The Liberal Democrats have been forced to scrap a policy to abolish subsidies for scientific research after a revolt by MPs who feared it would make them look like Luddites.

Earlier, Labour attacked Liberal Democrat plans to scrap the Department for Trade and Industry and to abolish the DTI's science budget.

Yesterday Malcolm Bruce, the Liberal Democrat trade and industry spokesman, was forced to issue a formal statement pledging that the party had a "commitment to fund scientific research" including "blue skies scientific research".

The statement came as Steve Norris, who stood as Tory candidate for Mayor of London, warned that the Liberal Democrats could overtake the Tories at the next election and that the Conservatives had no "automatic right" to be the main opposition party. "The worst of all possible worlds would be to see the Lib Dems actually vault over the Tories and be in second place in the British political spectrum," he said in an interview for GMTV.

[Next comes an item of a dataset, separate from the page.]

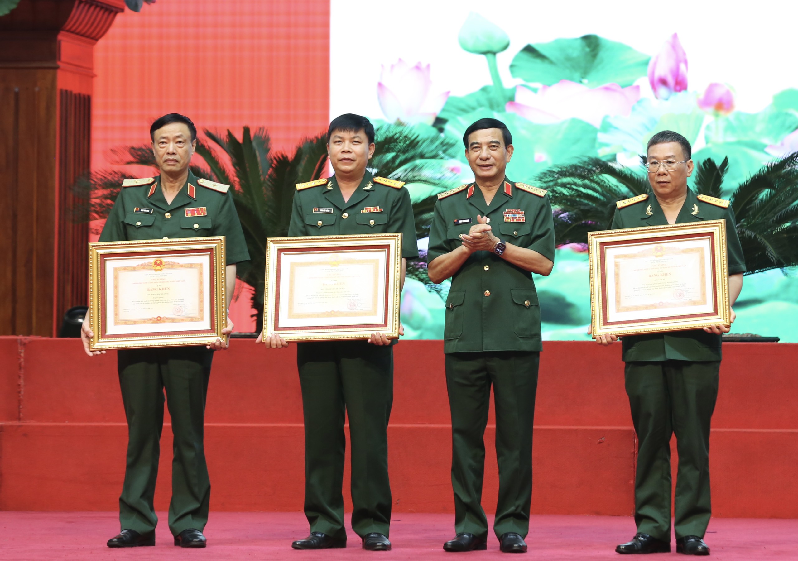 Đại tướng Phan Văn Giang, Bộ Trưởng Bộ Quốc Phòng trao Bằng Khen Thủ tướng cho Bằng khen của Thủ tướng Chính phủ tặng 4 tập thể tại buổi lễ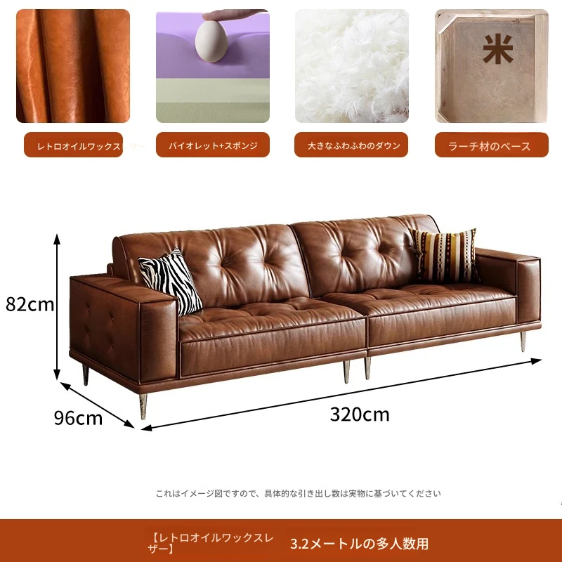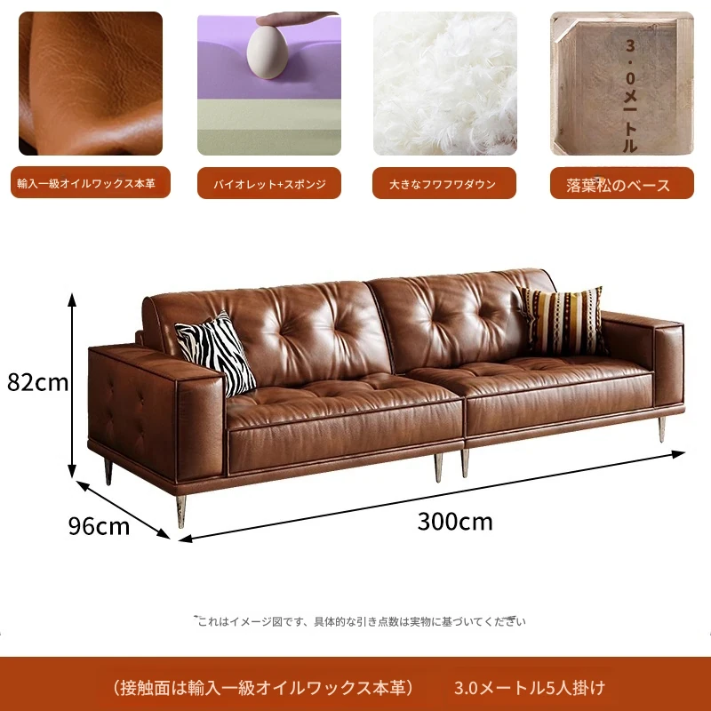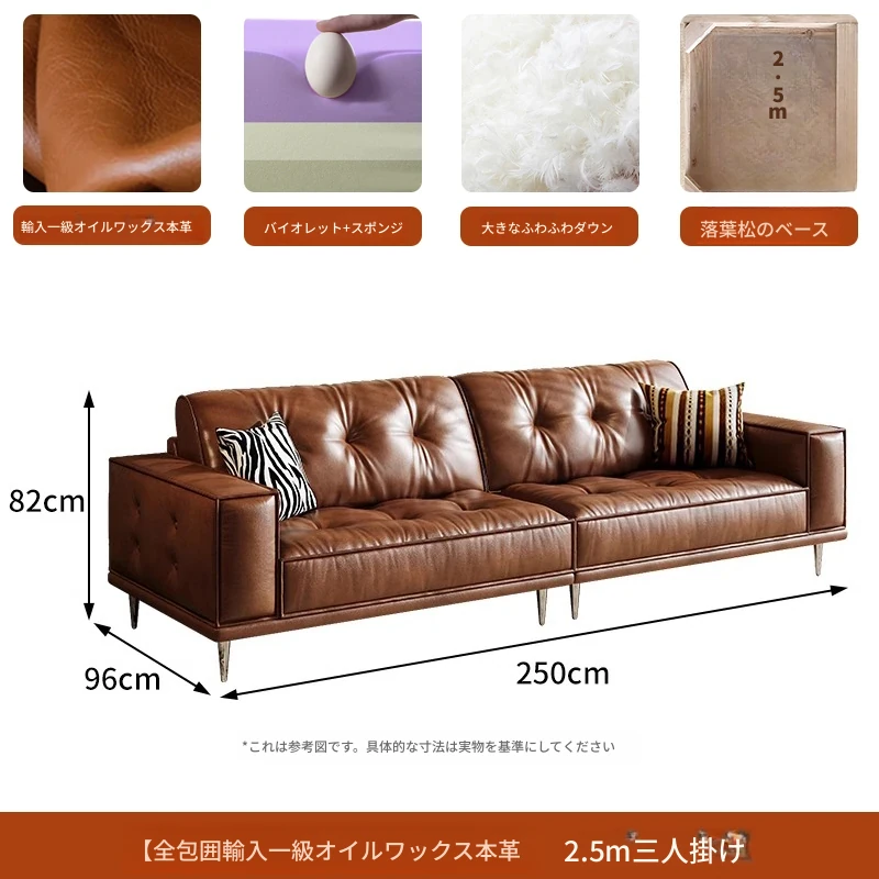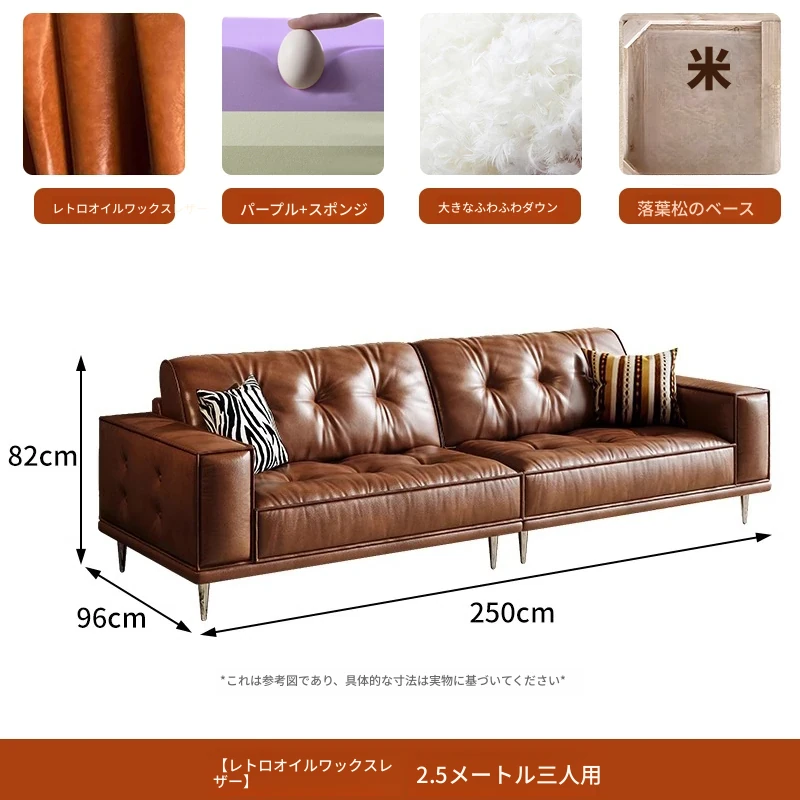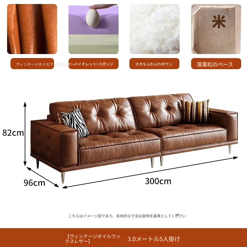 【2.5m三人位】レトロオイルワックスレザー+輸入落葉松+ダウンシルク綿

Vince Cable, the party's Treasury spokesman, had made it clear the party would scrap state funding for private companies engaged in research, on the ground that they could pay for it themselves.

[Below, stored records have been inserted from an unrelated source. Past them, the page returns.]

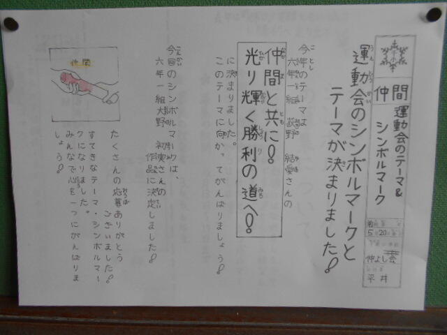 仲よし会の呼びかけで、前期スローガン「仲間」を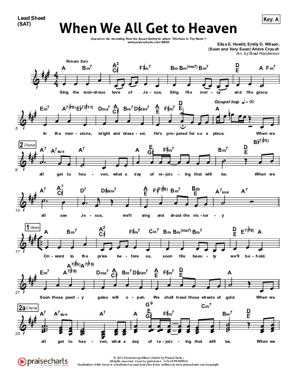 Download the sheet music for When We All Get To Heaven by Susan Quintyne, from the album Glorious Is Thy Name. This song was arranged by Brad Henderson in the key of A, G.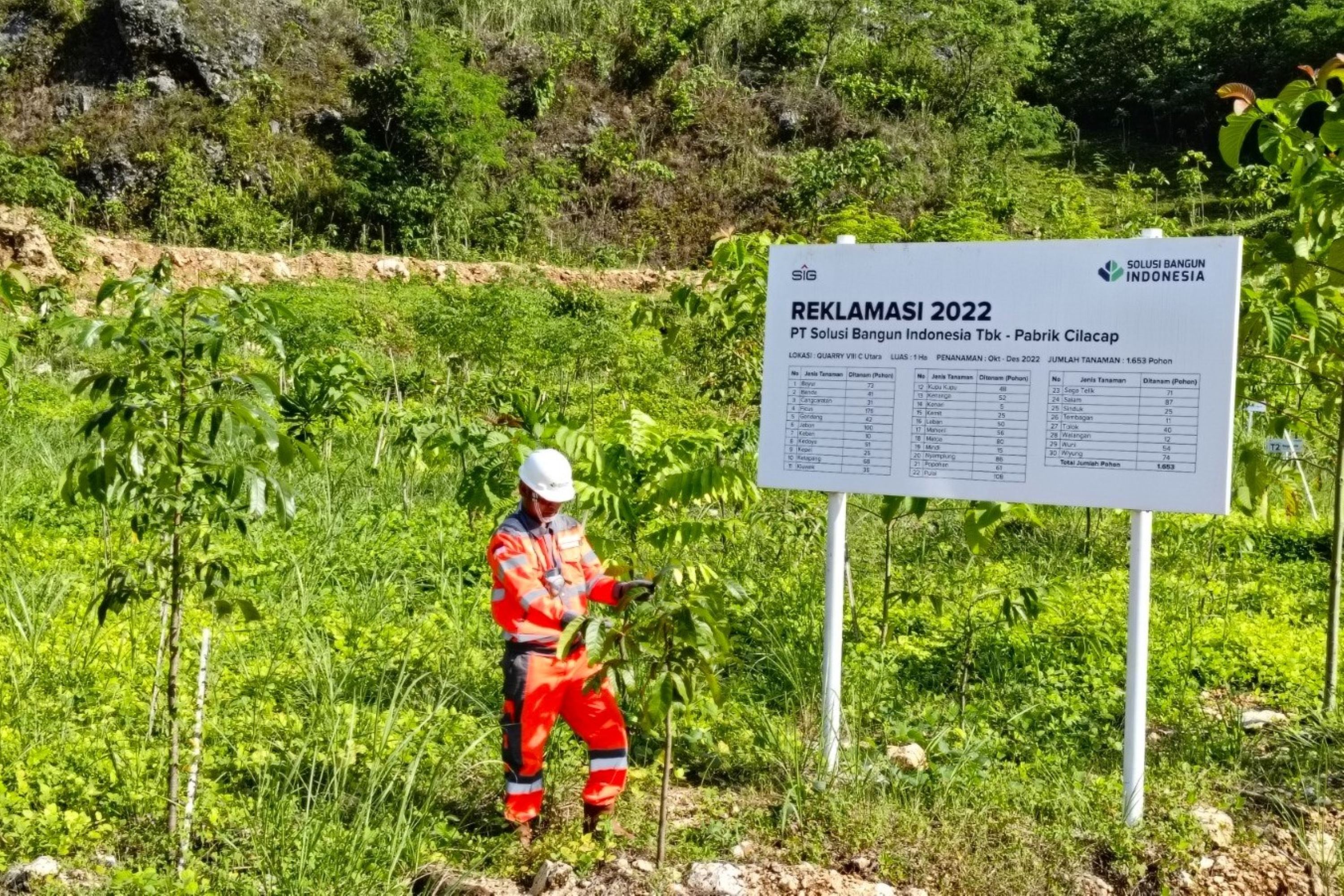 Sementara pada aspek lingkungan, hingga saat ini SBI Pabrik Cilacap telah melakukan reklamasi seluas 110,81 hektare pada lahan pascatambang batu gamping di Nusakambangan dan lahan pascatambang tanah liat di Jeruklegi dengan melakukan penanaman 81.374 pohon. Reklamasi dilakukan untuk memulihkan kembali fungsi lahan sesuai peruntukannya.
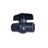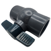 These ball valves are made of PVC and have threaded fittings on both ends.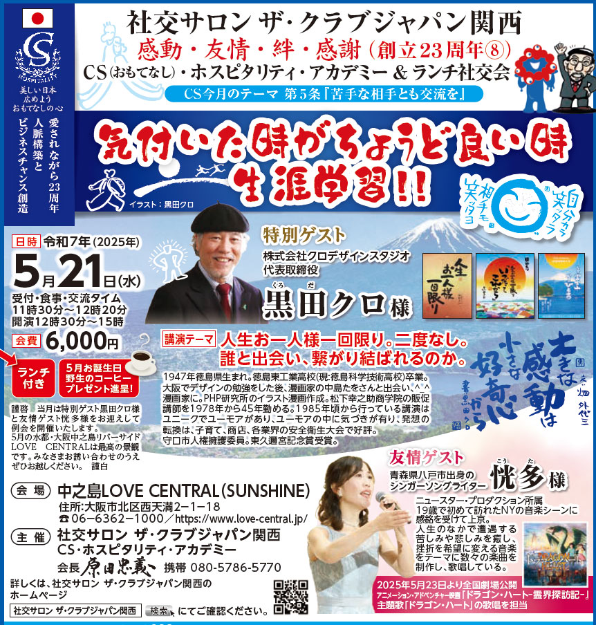 次回は6月18日(水)社交サロン ザ・クラブジャパン関西 第166回CSホスピタリティ・アカデミーを開催いたします。特別ゲストには禮のこと教室 主宰の森日和様をお招きし、「礼儀作法は子どもたちの応援団・そして、礼儀作法で国護り」というテーマでご講演いただきます。また友情ゲストとして、ゴマジェットカフェの山本恭裕様お招きいたします。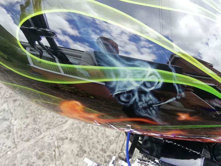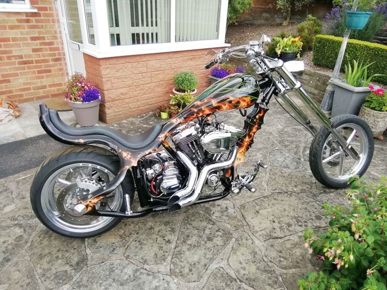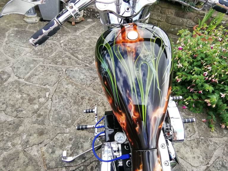 Harley Davidson Chopper. One off Frame custom built by No Nonsense Chops Scotland, unique paint by Muddy Beach Custom paintwork.

But the policy infuriated other Liberal Democrat MPs who at a meeting this week expressed disquiet about the policy. "There were a lot of concerns about this and we have dealt with it. We have changed the policy after a lot of us made our views clear,'' said one MP.

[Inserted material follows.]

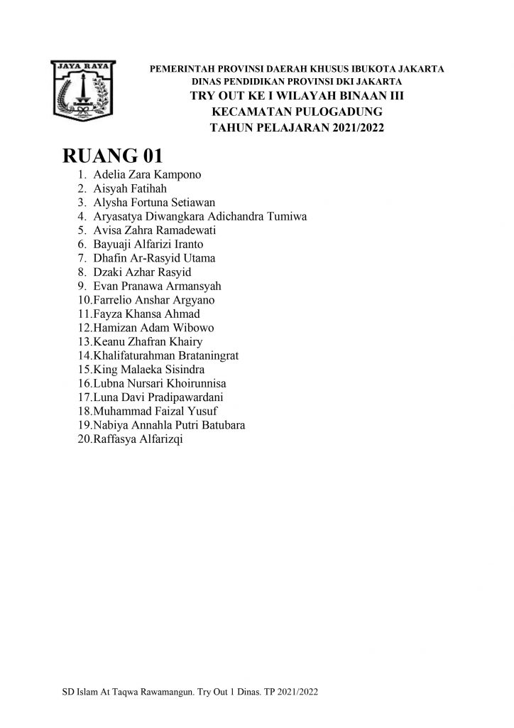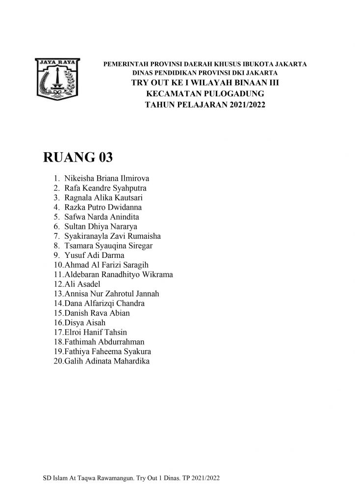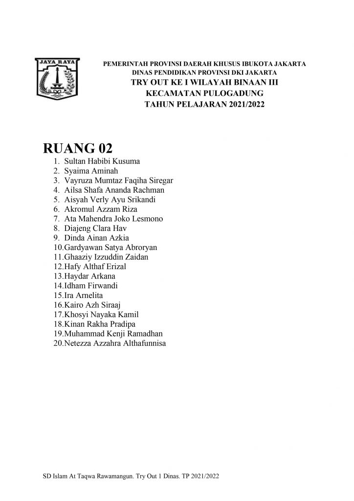 Try Out Pertama Ujian Sekolah (US) Wilayah Binaan III Kecamatan Pulogadung Dinas Pendidikan DKI Jakarta Tahun Pelajaran 2021/2022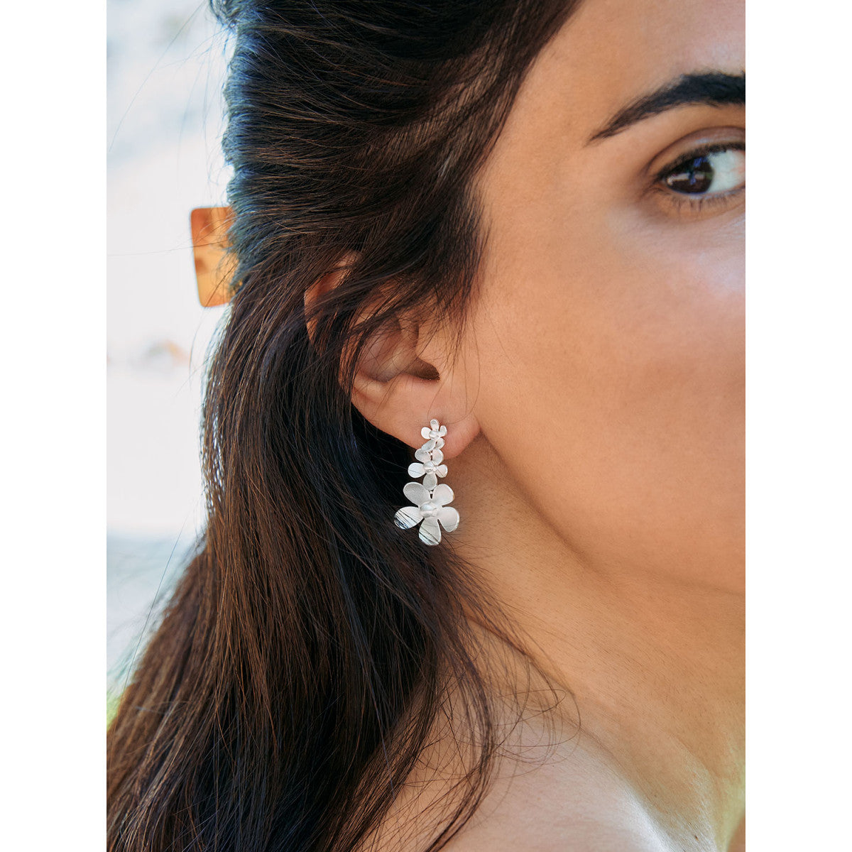 Delicate cascading flowers crafted in solid S925 silver. These earrings feature a soft matte finish and layered floral motifs that create a graceful, feminine look perfect for both everyday wear and special occasions. Lightweight, elegant, and beautifully detailed.

Yesterday the Liberal Democrats issued a formal statement saying: "Our commitment to abolish the DTI does not mean that government research funding will be cut.''

He said the party was "fully committed to universities and blue skies scientific research" and would pump £14bn into the science budget in the next Parliament. But the decision to change the policy on the eve of the Liberal Democrat party conference will raise questions about its funding proposals.

At the Liberal Democrat conference there is also expected to be further tension over Europe. Sir Menzies Campbell, the party's foreign affairs spokesman, distanced himself from an assertion by Chris Davies, leader of the Liberal Democrats in the European Parliament, that enlargement of the EU should be halted until it is strengthened.

The key issues at the party conference are: rising personal debt; greater control over the security services by Parliament; dissatisfaction with the Hutton report into the death of the weapons scientist David Kelly; a motion calling for the phased withdrawal of British troops from Iraq once an elected government takes office; a motion to create a border police force; and a motion to reward green drivers and households and punish polluters.